I saw the light and slammed my fist down on the table. "Kegel and his monster!" I shouted as I looked at Cap. "Right no
w, we can take 'em. We have 'em out manned, out gunned—" I glanced at Ondo and looked back at Cap. "Listen to me. Nance and Mercy Jane want you to go down and wipe Kegel's camp and everything in it."
"What about them? What can we do as long as Kegel holds them and the others hostage?"
"Anything we want." I sat back in my chair. "Nance and Mercy Jane know the score. Everybody with crowbar time knows the score." I looked at him. "Rule 63, brand new. If you take a hostage, payback is the max. Rule 64. If your boss or government takes a hostage and you don't do anything about it, payback is the max. We're going to put it to a vote."
Cap frowned as he asked, "Won't that make us responsible for Nance's and Mercy Jane's deaths?"
"Just like in the yard or on the block. Kegel's bunch has a choice to kill or not. We can't force them to kill anybody. Maybe the hostages die." My breath caught as I continued. "Probably they die. But the Razai will be driving the Razai, not the hostage takers. And Nance, Mercy Jane, Alna, the prisoners, they'll get their payback. How about it?"
Cap Brady leaned back in his chair, raised his eyebrows, and aimed his gaze at me. "Would any of this payback be yours?"

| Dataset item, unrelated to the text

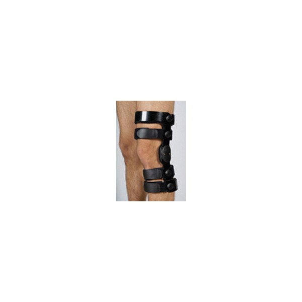 * Polycentric hinge with extension and flexion stop settings:

A tingle skittered up my back. I looked at my clasped hands on the table. My knuckles were dead white. I removed my hands from the table and nodded. "Yeah. A good bit."

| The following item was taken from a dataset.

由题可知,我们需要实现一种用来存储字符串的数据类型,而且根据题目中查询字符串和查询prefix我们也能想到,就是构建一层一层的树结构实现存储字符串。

"I expect you want to be with the force that hits the camp."
"That's right."
"So you better get cracking on this matter Stays wants you to handle, Bando. After they got their allotted weapons, one of Paxati's straightmeats wouldn't give up his piece. When the RC tried to take it from him, he shot and killed the RC."
I stopped breathing as a hundred images flashed through my head. There were a lot of men and women in the RCs I cared a lot about. "Who was it?"